HOW YOUR CONGRESSIONAL DELEGATES VOTED
For the week ending January 19
Contact your legislators at the U.S. Capitol Zip codes: House 20515, Senate 20510 Capitol operator: (202) 224-3121 By Voterama In Congress © 2018 Thomas Reports Inc. FUNDING TO KEEP GOVERNMENT OPEN:
Voting 230 for and 197 against, the House on Jan. 18 passed a GOP-drafted bill (HR 195) that would fund agencies from Jan. 20 through Feb. 16 while renewing the Children`s Health Insurance Program for six years. The measure was intended to avert a partial government shutdown at midnight the next day. It was the fourth stopgap bill offered by the Republican majority after having failed to garner enough votes to pass a regular budget for the fiscal year that began on Oct. 1, 2017.
A yes vote was to send the bill to the Senate. YES: PEARCE NO: LUJAN GRISHAM, LUJÁN
CALL FOR IMPEACHMENT OF PRESIDENT
TRUMP: Voting 355 for and 66 against, the House on Jan. 19 tabled (killed) a resolution (H Res 705) calling for the impeachment of President Trump based on “high misdemeanors” primarily involving the president’s inflammatory and defamatory Twitter postings and public and private statements. The measure was sponsored by Al Green, D-Texas, under a House rule that entitles any member, on two days’ notice, to offer a “privileged resolution” from the floor within broad limits on subject matter.

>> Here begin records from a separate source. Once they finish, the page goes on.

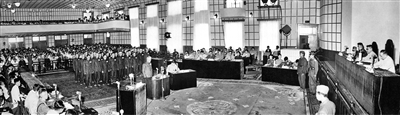 中华人民共和国最高人民法院特别军事法庭在沈阳审判战犯。“九·一八”历史博物馆供图
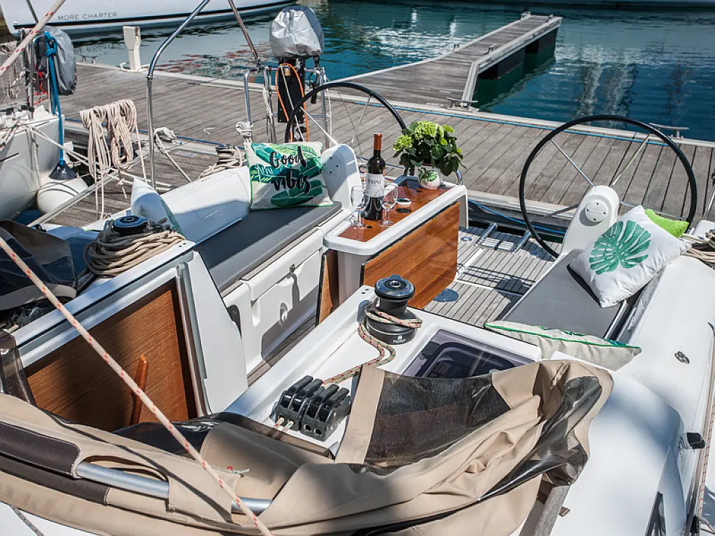 Teak Cockpit, Sprayhood, Bimini, Cockpit cushions, Outboard engine, Cockpit speakers, Heating
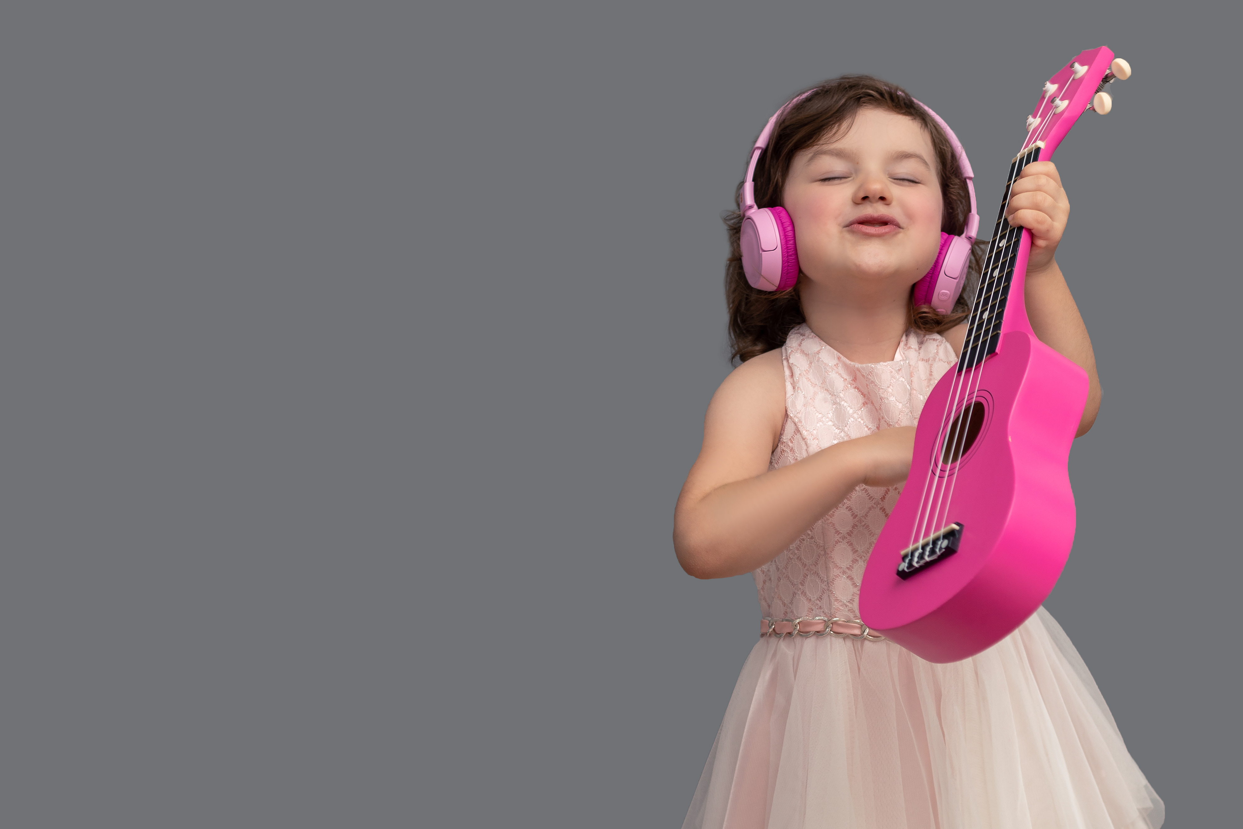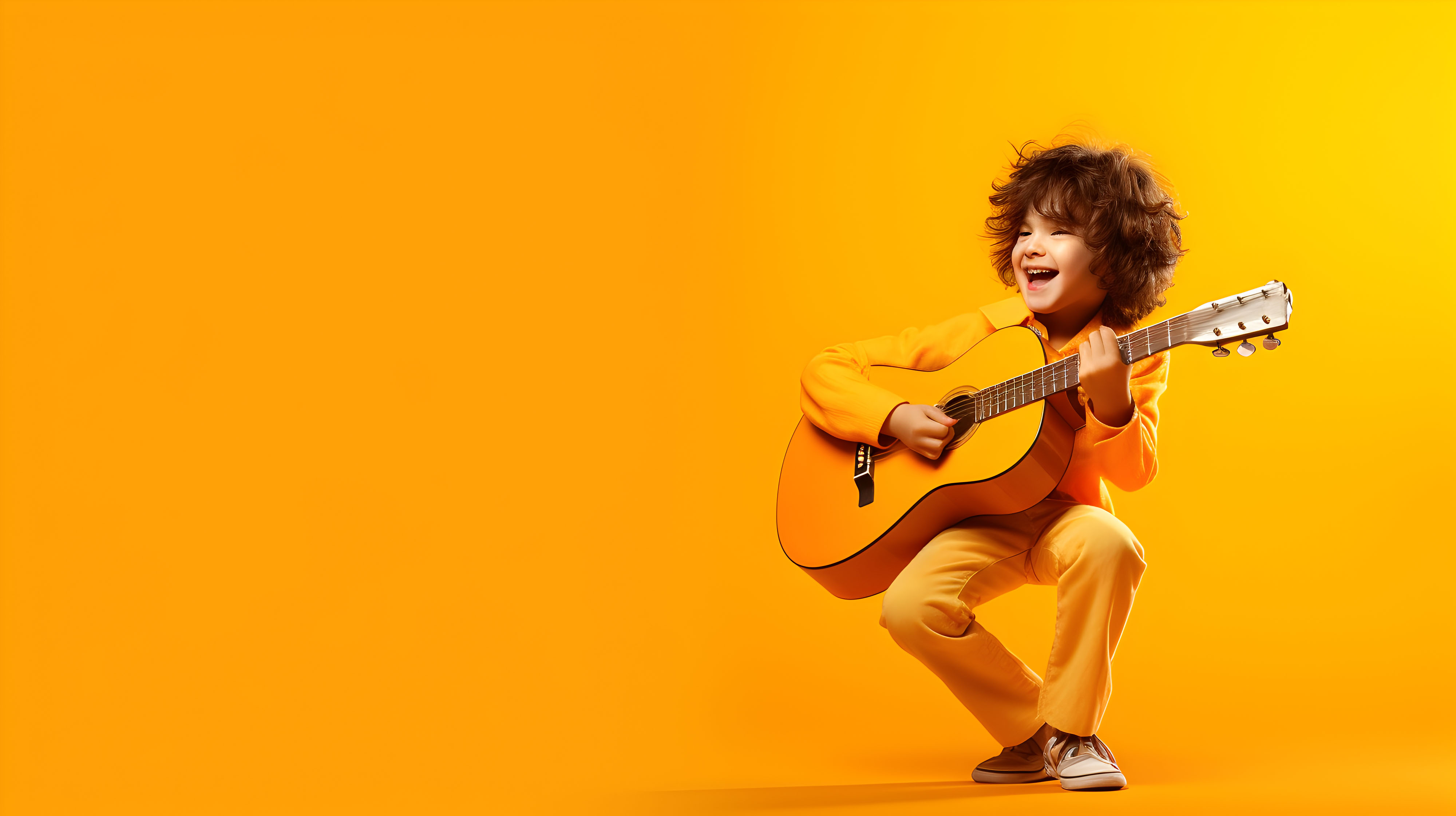 Created with images by Aboltin - "Children's hobbies: a little boy in black glasses plays the electric guitar, imitates a rock star." • Татьяна Волкова - "A beautiful and funny little girl playfully playing the pink toy guitar in the studio on gray background. Close-up photo for musical vocal studios, nursery child development centers" • SnowElf - "Joyful child playing guitar isolated on flat green background with copy space. Creative banner for children's music school." • Trendy Graphics - "Cheerful boy child playing guitar on orange background, kids music classes concept"

There was no debate on the resolution.
A yes vote was in opposition to consideration of the impeachment measure.
YES: LUJAN GRISHAM, PEARCE, LUJÁN
POST-ABORTION CRIMINAL PENALTIES: Voting 241 for and 183 against, the House on Jan. 19 passed a GOP-drafted bill (HR 4712) that restates a 2002 law intended to protect fetuses that survive an attempted abortion. The bill adds criminal penalties for doctors and nurses who fail to provide postabortion medical treatment defined by Congress. Existing law makes it a federal crime for any health practitioner to fail to provide adequate care to a fetus that is alive outside the womb following an attempted abortion. The law defines a fetus in those circumstances as a person with full legal protections regardless of their stage of development.
The current bill, the Born-Alive Survivors Protection Act, requires surviving fetuses to be immediately transported to a hospital and makes doctors and nurses subject to prison terms if they fail to do so. It would shield the mother from prosecution. According to the nonpartisan Congressional Research Service, “born alive” means a fetus which after removal from the mother “breathes or has a beating heart, pulsation of the umbilical cord, or definite movement of voluntary muscles, regardless of whether the umbilical cord has been cut.”
A yes vote was to send the bill to the Senate. YES: PEARCE NO: LUJAN GRISHAM, LUJÁN FINANCIAL PENALTIES ON WORLD BANK: Voting 237 for and 184 against, the House on Jan. 17 passed a bill (HR 3326) that would slash U.S. support of the International Development Association unless it changes its criteria for delivering economic aid to impoverished nations. A World Bank agency, the IDA provides grants and loans to the world’s 77 poorest countries with populations totaling 450 million. The bill authorizes a $3.65 billion U.S. payment to the bank over three years. But it would withhold up to 30 percent of the outlay until the Treasury Department certifies reforms are underway, including an emphasis on quality over quantity in the disbursement of funds.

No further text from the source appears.